Of course, the change in stereotypes about laziness etc reflects the greater impact of neoliberal policy reforms in the English-speaking countries. So my question is: does neoliberalism cause current account deficits? And if so, is this a good thing reflecting the greater attractiveness of investment in these countries (the ‘consenting adults’ view, put forward prominently, though in a slightly different context by John Pitchford). Or is it a bad thing, reflecting debts incurred because of excessive borrowing by households and debts pumped up in speculative investment booms. Readers won’t be surprised to learn that I hold the latter view.

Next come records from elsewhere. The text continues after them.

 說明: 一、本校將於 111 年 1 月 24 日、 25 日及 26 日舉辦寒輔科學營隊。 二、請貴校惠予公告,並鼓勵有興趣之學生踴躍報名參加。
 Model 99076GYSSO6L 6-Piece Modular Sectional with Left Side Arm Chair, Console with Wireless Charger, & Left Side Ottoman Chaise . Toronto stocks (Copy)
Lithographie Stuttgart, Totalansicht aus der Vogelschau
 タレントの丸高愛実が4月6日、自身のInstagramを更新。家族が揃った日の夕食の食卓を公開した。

At the moment the’consenting adults’ view is dominant, particularly among supporters of neoliberalism. But looking at the way this group changed their tune after the Asian and Argentine crises, it’s not hard to predict that, in the event that things go sour, they will switch to the latter view very quickly and, as far as they can manage it, retrospectively (search on ‘crony capitalism’ for examples).

Via Jack Strocchi, update billmon at Whiskey Bar has more detail on the US case, including a neat way of presenting the data I haven’t seen before. In recent years, imports have grown by 40 cents for every dollar of GDP growth. I need to think a bit more about this.

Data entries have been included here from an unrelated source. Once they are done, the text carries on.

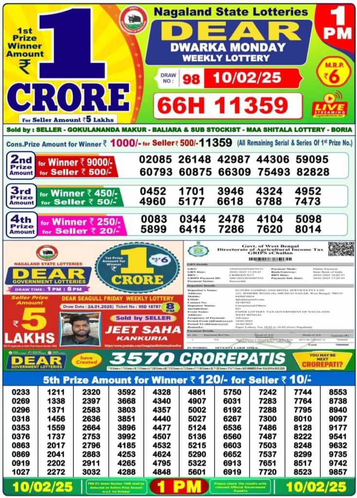 Nagaland State Lottery Monday, 10 February, 2025: The results of Nagaland State Lottery DEAR DWARKA MORNING 1 PM, BLITZEN DAY 6 PM, DEAR FINCH EVENING 8 PM weekly lottery will be declared today i.e. Monday, at 1 PM, 6 PM and 8 PM respectively. To view the list of winners, scroll down.
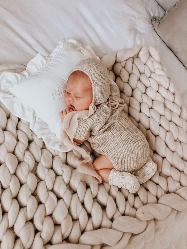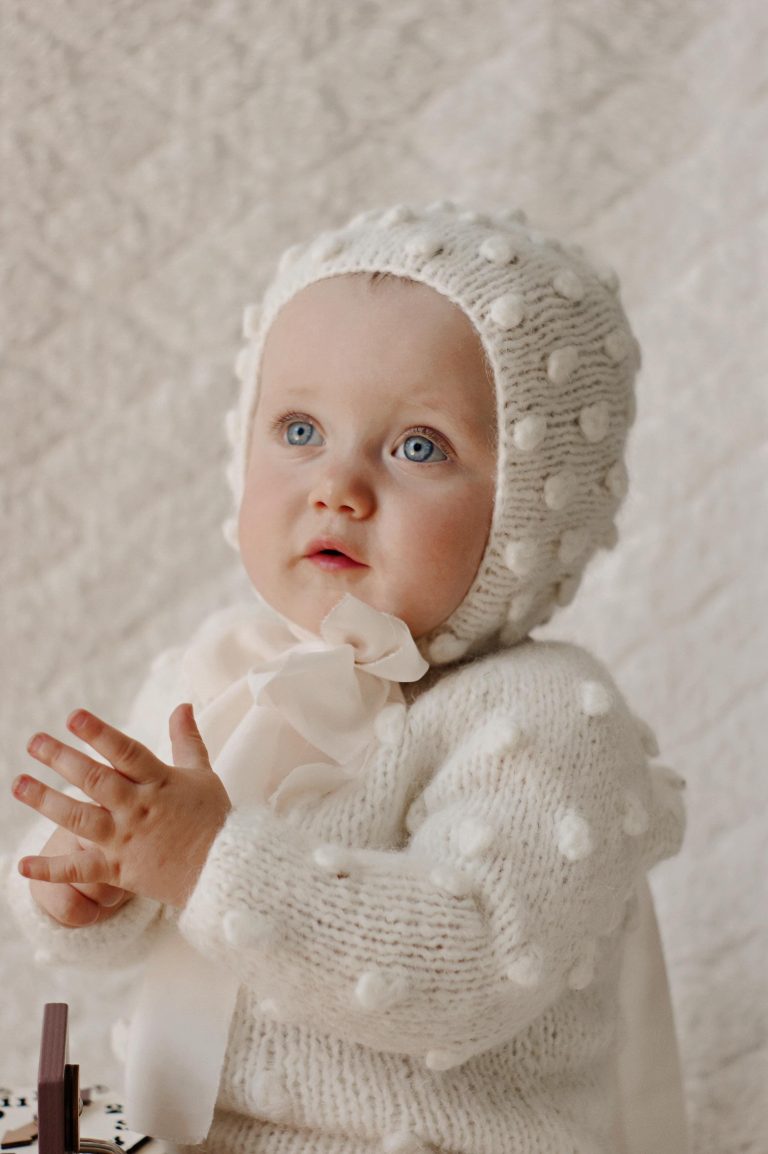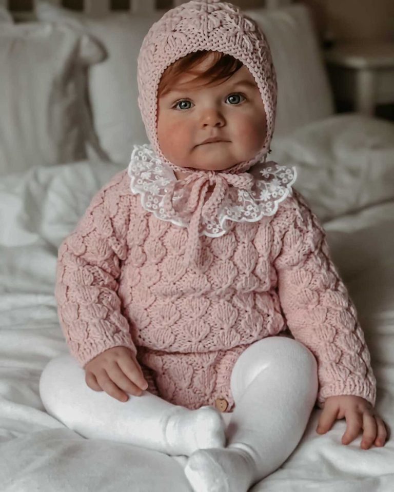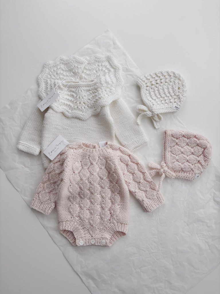 Hand Knitted Merino Baby Romper and Bonnet Set – Floral Embroidery, 3-6 Months
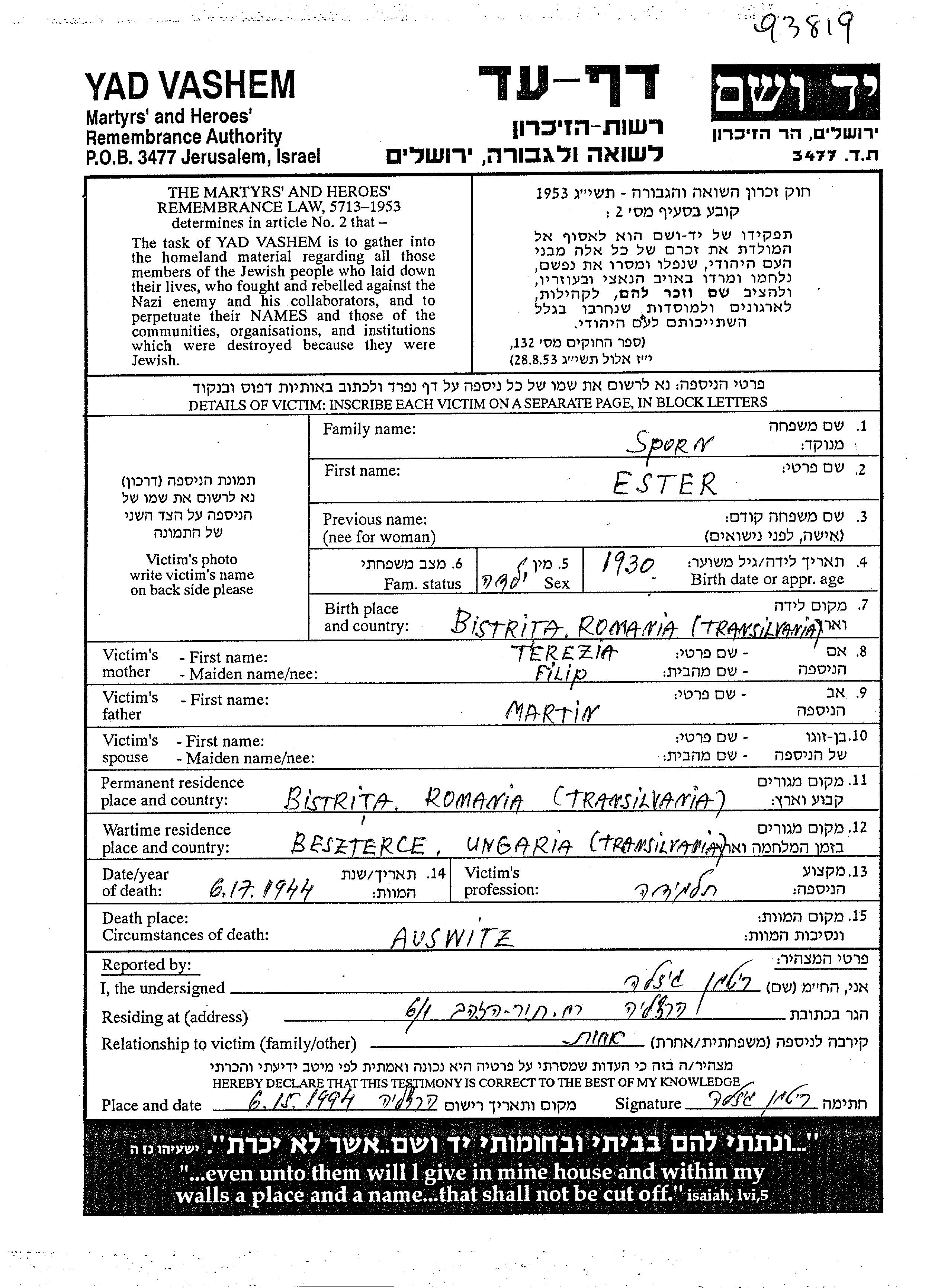 Ester Sporn Shporn wurde im Jahr 1930 geboren. Sie war Schüler/-in. Vor dem Zweiten Weltkrieg lebte sie in Bistrita, Rumänien.
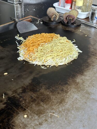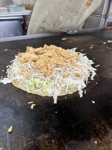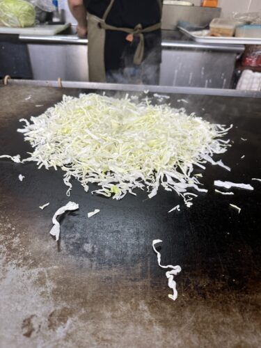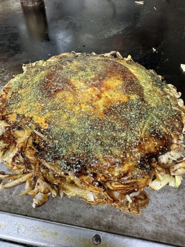 目の前のお好み焼きがどんどん大きくなっていきます。正直食べれるのかと心配になるほど、、

A number of commentators have defended the ‘consenting adults’ view and have asked for a ‘market failure’ reason why it isn’t right. The obvious candidate is the moral hazard produced when financial markets are deregulated but the central bank continues to act as a lender of last resort. Exhibit A is Australia in the 1980s, which is when we ran our foreign debt up to its current levels. I don’t suppose anyone is going to claim that the investments of Bond, Skase, Elliott and others were good ones. Most of the debt in this period was borrowed through the Big Four banks. In a regulated system, they would have been stopped. In a fully deregulated system they would have failed. As it was they were rescued (Westpac being the most notable case). The story of state-regulated institutions (building societies and State Banks) is more complex, but basically the same. I put this argument forward in a piece in 1992, Partial financial deregulation and the current account?, Economic Papers 11(1), 53?56, which I notice is not up on my website. Another job waiting to be done!